The following commit(s) were added to refs/heads/branch-3.4 by this push:
     new 68fa8cafc3c [SPARK-42969][CONNECT][TESTS] Fix the comparison the result with Arrow optimization enabled/disabled
68fa8cafc3c is described below

commit 68fa8cafc3cfcdc043920ca8544c24ac88f0a63c
Author: Takuya UESHIN <ue...@databricks.com>
AuthorDate: Fri Mar 31 08:45:44 2023 +0900

    [SPARK-42969][CONNECT][TESTS] Fix the comparison the result with Arrow optimization enabled/disabled
    
    Fixes the comparison the result with Arrow optimization enabled/disabled.
    
    in `test_arrow`, there are a bunch of comparison between DataFrames with Arrow optimization enabled/disabled.
    
    These should be fixed to compare with the expected values so that it can be reusable for Spark Connect parity tests.
    
    No.
    
    Updated the tests.
    
    Closes #40612 from ueshin/issues/SPARK-42969/test_arrow.
    
    Authored-by: Takuya UESHIN <ue...@databricks.com>
    Signed-off-by: Hyukjin Kwon <gu...@apache.org>
    (cherry picked from commit 35503a535771d257b517e7ddf2adfaefefd97dad)

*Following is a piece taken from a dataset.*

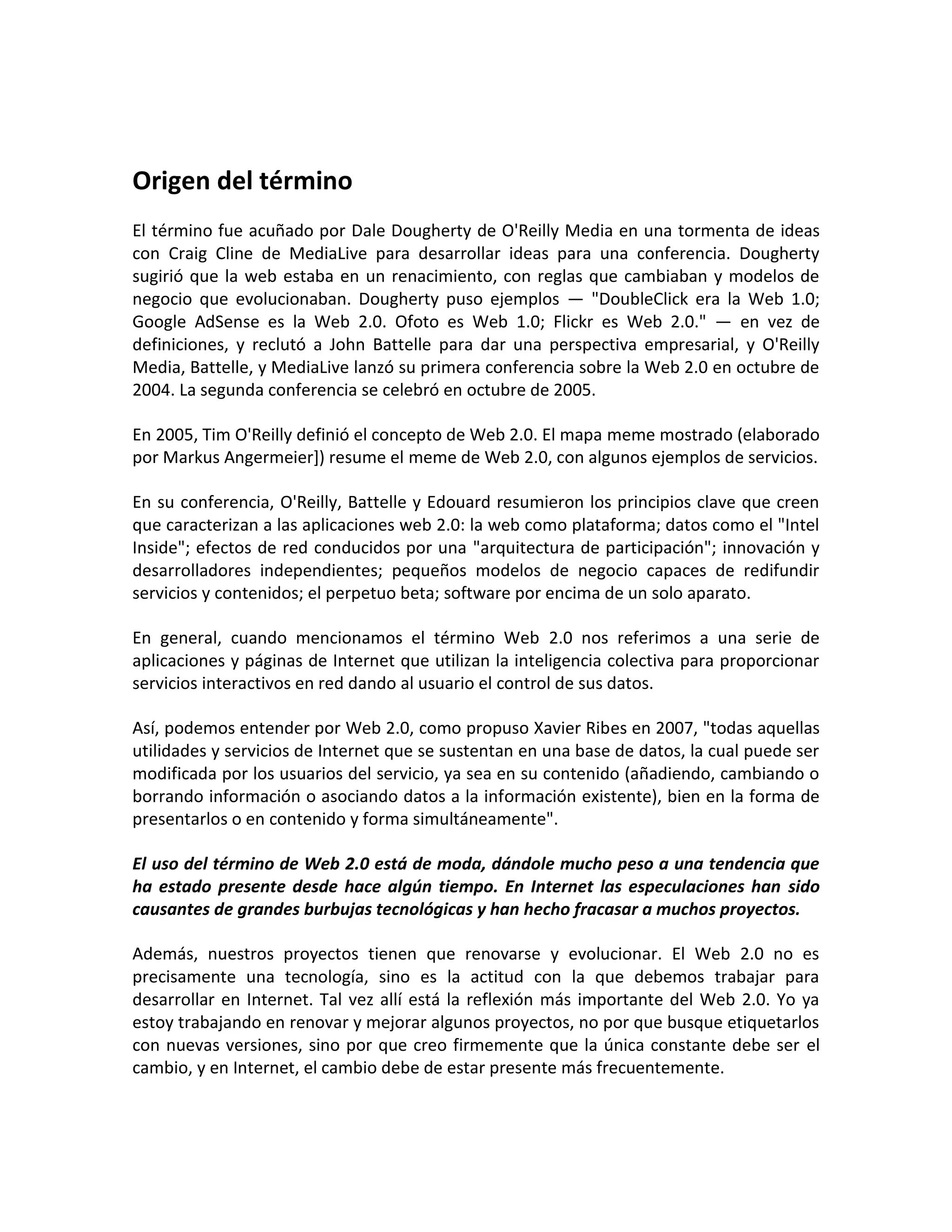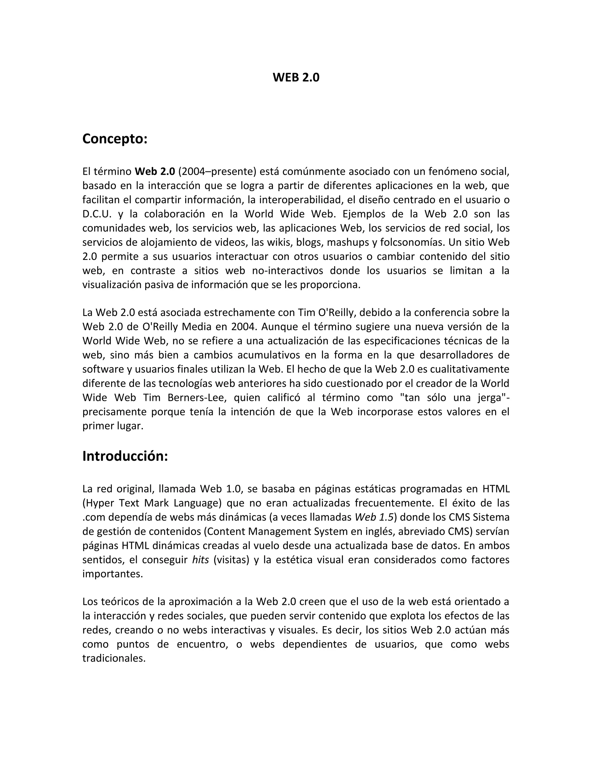 La Web 2.0 se refiere a aplicaciones web que facilitan la interacción y colaboración entre usuarios. Estas aplicaciones incluyen blogs, wikis, redes sociales y servicios de alojamiento de videos y fotos que permiten a los usuarios crear y modificar contenido. La Web 2.0 se basa en principios como datos como plataforma, efectos de red, software perpetuo y participación de los usuarios.

    Signed-off-by: Hyukjin Kwon <gu...@apache.org>
---
 .../pyspark/sql/tests/connect/test_parity_arrow.py |  47 +++--
 python/pyspark/sql/tests/test_arrow.py             | 202 +++++++++++++--------
 2 files changed, 163 insertions(+), 86 deletions(-)

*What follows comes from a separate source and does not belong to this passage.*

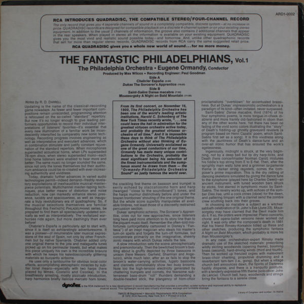 Eugene Ormandy - The Fantastic Philadelphians, Vol. 1 - Sheer Sonic Sorcery - LP, Album, Quad - Very Good Plus (VG+)

diff --git a/python/pyspark/sql/tests/connect/test_parity_arrow.py b/python/pyspark/sql/tests/connect/test_parity_arrow.py
index f8180d661db..8953b2f8d98 100644
--- a/python/pyspark/sql/tests/connect/test_parity_arrow.py
+++ b/python/pyspark/sql/tests/connect/test_parity_arrow.py
@@ -37,19 +37,20 @@ class ArrowParityTests(ArrowTestsMixin, ReusedConnectTestCase):
     def test_createDataFrame_with_incorrect_schema(self):
         self.check_createDataFrame_with_incorrect_schema()
 
-    # TODO(SPARK-42969): Fix the comparison the result with Arrow optimization enabled/disabled.
+    # TODO(SPARK-42982): INVALID_COLUMN_OR_FIELD_DATA_TYPE
     @unittest.skip("Fails in Spark Connect, should enable.")
     def test_createDataFrame_with_map_type(self):
-        super().test_createDataFrame_with_map_type()
+        self.check_createDataFrame_with_map_type(True)
 
-    # TODO(SPARK-42969): Fix the comparison the result with Arrow optimization enabled/disabled.
+    # TODO(SPARK-42983): len() of unsized object
     @unittest.skip("Fails in Spark Connect, should enable.")
     def test_createDataFrame_with_ndarray(self):
-        super().test_createDataFrame_with_ndarray()
+        self.check_createDataFrame_with_ndarray(True)
 
+    # TODO(SPARK-42984): ValueError not raised
     @unittest.skip("Fails in Spark Connect, should enable.")
     def test_createDataFrame_with_single_data_type(self):
-        super().test_createDataFrame_with_single_data_type()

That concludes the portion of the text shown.